__Task objective__
Below are records; the lines starting at the one with "Este design de" and ending at the one with "優しいお色と少し肩を落としたフレンチスリーブお袖がとても女性らしいレオタード。" must be reproduced exactly, both included. Pictures must not appear.

__Dataset extract__
- Opening Delimiter -
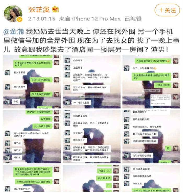 能主动曝光男方出轨的聊天记录,网友觉得特别过瘾,既吃到了瓜,又看到了娱乐圈的男明星有多渣男,张芷溪也已经把他锤得死死的,果断又狠辣的手段让张芷溪收获了“拽姐”的称号,大家也喊姐姐快逃,不要再被金瀚骗了。结果过了没几天,张芷溪就删掉了聊天截图,为金瀚开脱,说是自己搞错了。
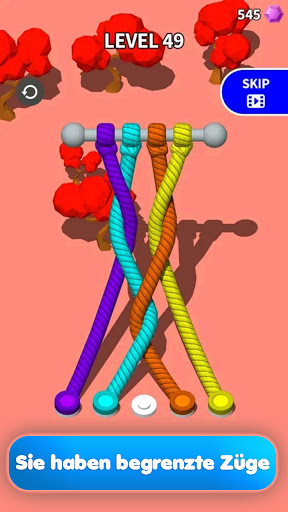 Beim Untangle-Spiel musst du alle farbigen Seile sortieren, aber achte darauf, dass du dich nicht verhedderst! Entwirre sie einfach alle, entspanne dein Gehirn und vervierfache deinen Spaß!
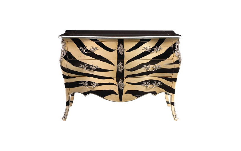 The Zebra chest of drawers with carved legs from an American manufacturer French Heritage. The frame is made of carved cherry wood. The surface is covered with a glossy lacquer black and white. Stick figure form from the metal. Model with drawers is notable for its capaciousness and strength. Zebra - French decorating idea. Perfect for eclectic interiors.
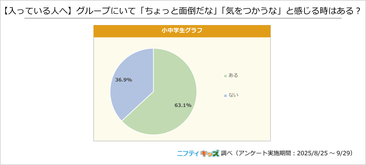 何かしらのグループに入っている小中学生のうち6割以上が「ある」と回答しました。
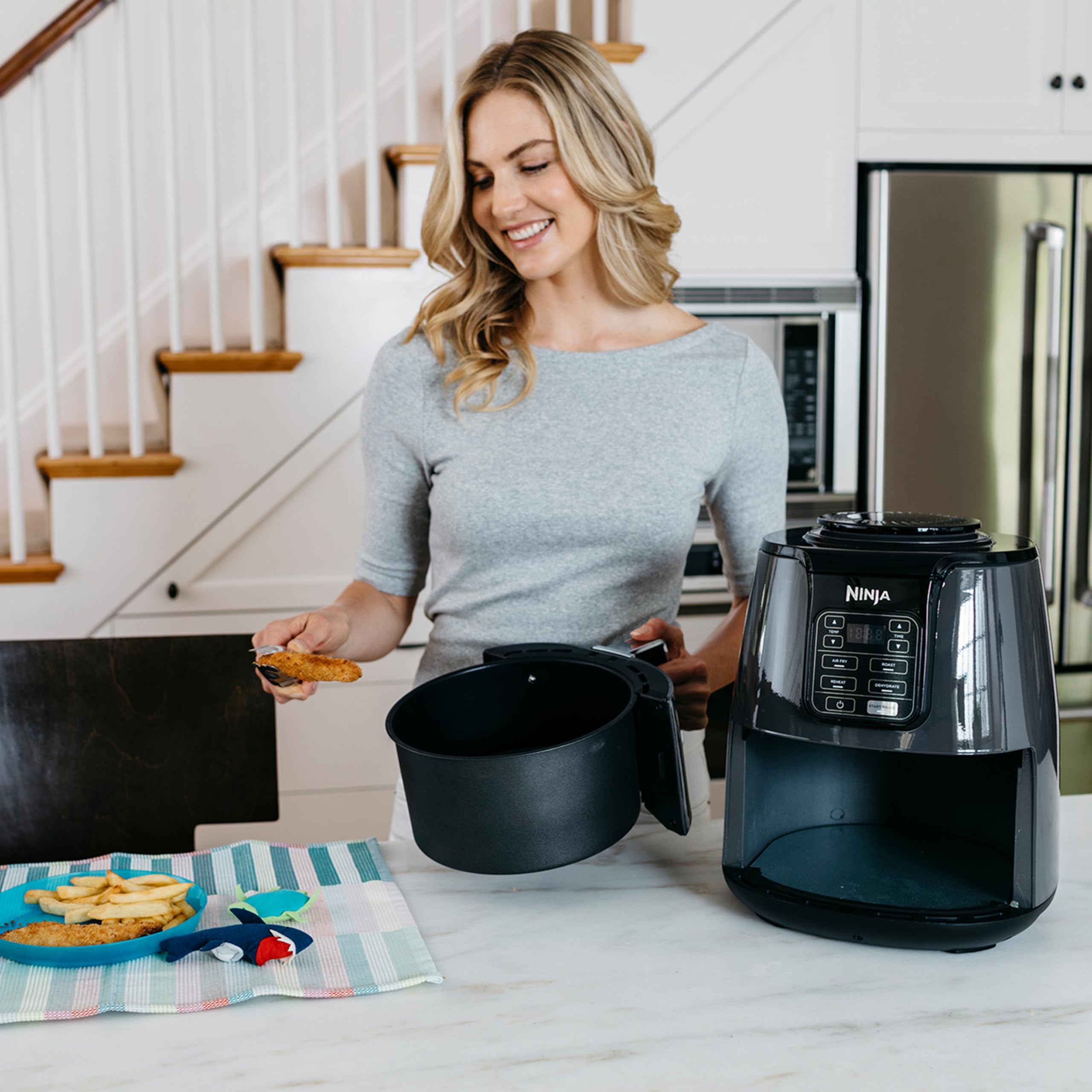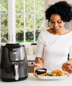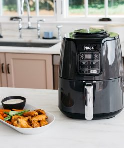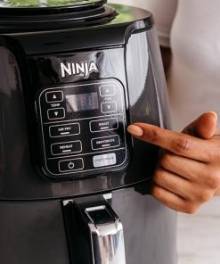 - INCLUS: Ninja Foodi Air Fryer , Panier de 3,8 L Antiadhésif et Compatible avec le Lave-Vaisselle, et Plaque Croustillante. Guide de Recettes Créées par des Chefs. Couleur : Gris/Noir
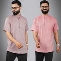 Pack Of 2 Mens Regular Fit Magenta And Red Half Sleeve Cotton Short Kurta Combo
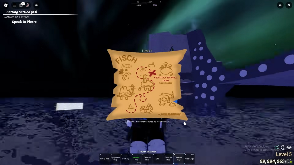 You’ll need to pay Jack Marrow 250 Cash to fix the Treasure Map in Fisch. After fixing the map, buy a GPS device for 100 Cash if you haven’t already. This device will help you navigate to the coordinates provided by the fixed map.
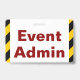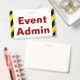Este design de crachá atraente apresenta a mensagem "Administrador de eventos". Também apresenta faixas de precaução amarelas e pretas. A parte traseira apresenta um nome de evento personalizável e data(s) de evento. [~Z0000286]
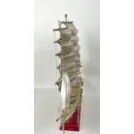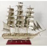 A white metal model of a 3-masted sailing ship in full sail standing 46cm high on a wooden base
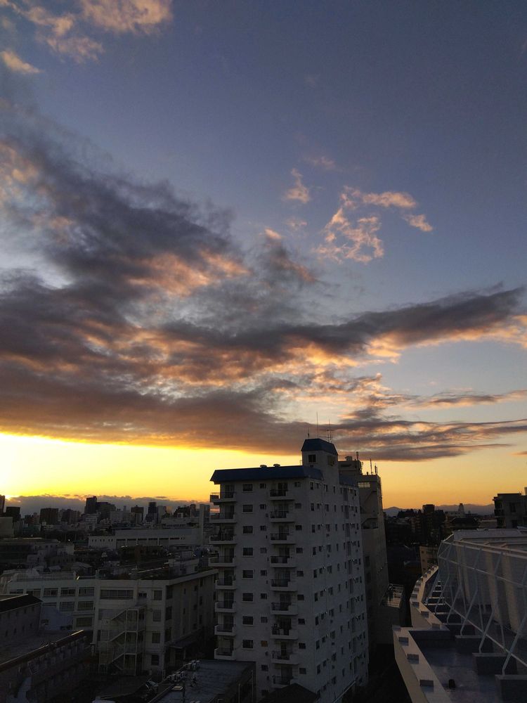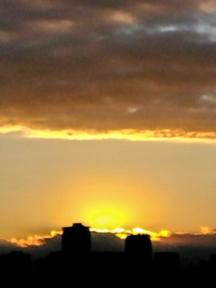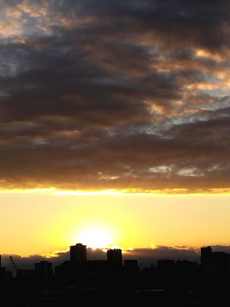 厚い雲が覆う空のした夕陽が沈んでゆく
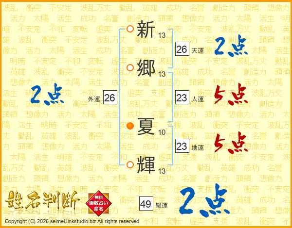 新郷夏輝さんの天運は26画の2点!
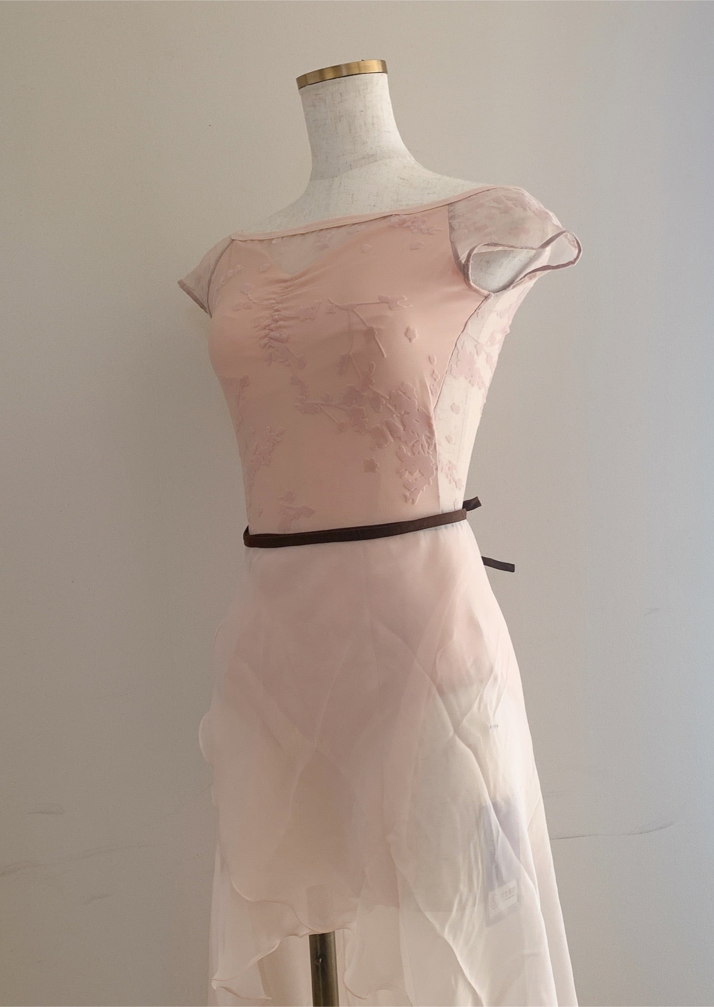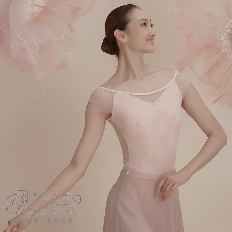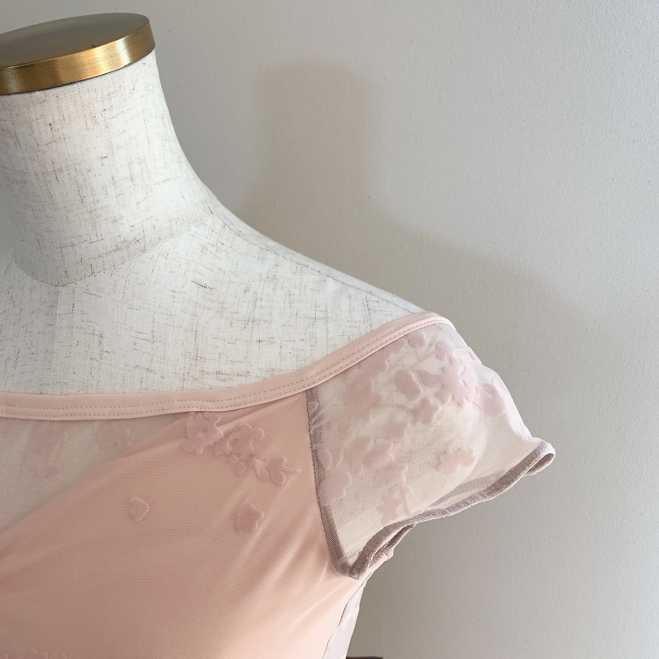 優しいお色と少し肩を落としたフレンチスリーブお袖がとても女性らしいレオタード。
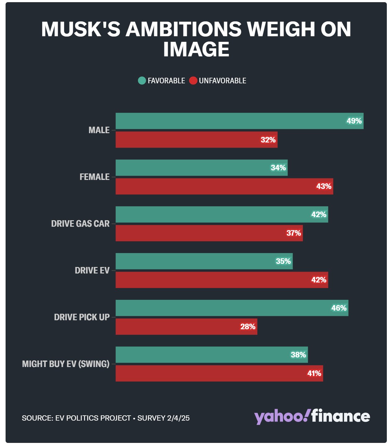 美国电动汽车就业联盟最近进行的一项民意调查显示,电动汽车司机对马斯克的正面评价为35%,对他的负面评价为42%。他在女性受访者中的地位分歧更大(34%赞成,43%反对)。
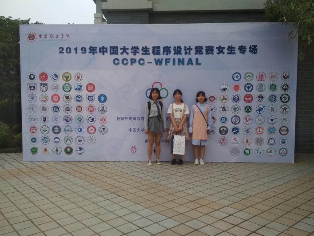 6月2日,由教育部高等教育计算机类教学指导委员会主办、南京晓庄学院承办的2019中国大学生程序设计竞赛女生专场在南京晓庄学院方山校区举行。best365官网选派了1支由李紫薇、孙姝睿、黄昕琪组成的女生代表队参赛,和来自清华大学、上海交通大学、南京大学、东南大学等国内96个高校的155支参赛队伍同场竞技,经过激烈角逐,获得铜奖。
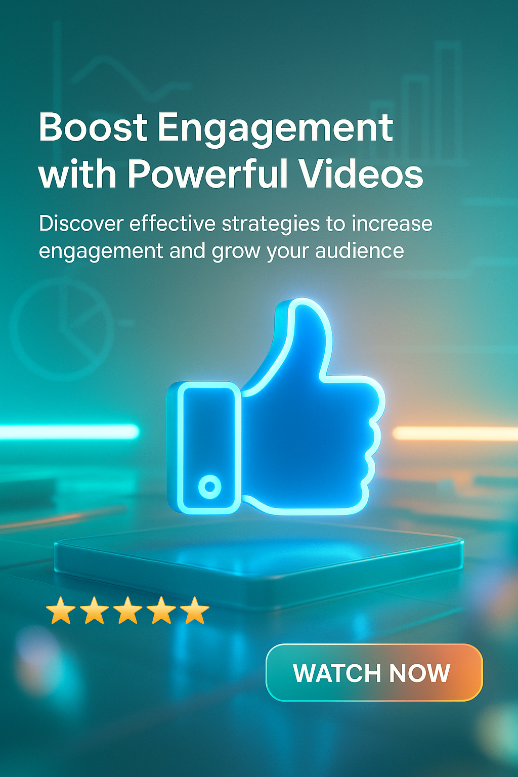 Modern promotional graphic featuring a glowing thumbs-up icon, emphasizing strategies to boost video engagement. Ideal for digital marketing campaigns.
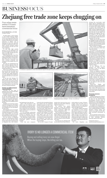 Zhejiang free trade zone keeps chugging on
- Closing Delimiter -
__Answer to the problem__
Este design de crachá atraente apresenta a mensagem "Administrador de eventos". Também apresenta faixas de precaução amarelas e pretas. A parte traseira apresenta um nome de evento personalizável e data(s) de evento. [~Z0000286]
 A white metal model of a 3-masted sailing ship in full sail standing 46cm high on a wooden base
 厚い雲が覆う空のした夕陽が沈んでゆく
 新郷夏輝さんの天運は26画の2点!
 優しいお色と少し肩を落としたフレンチスリーブお袖がとても女性らしいレオタード。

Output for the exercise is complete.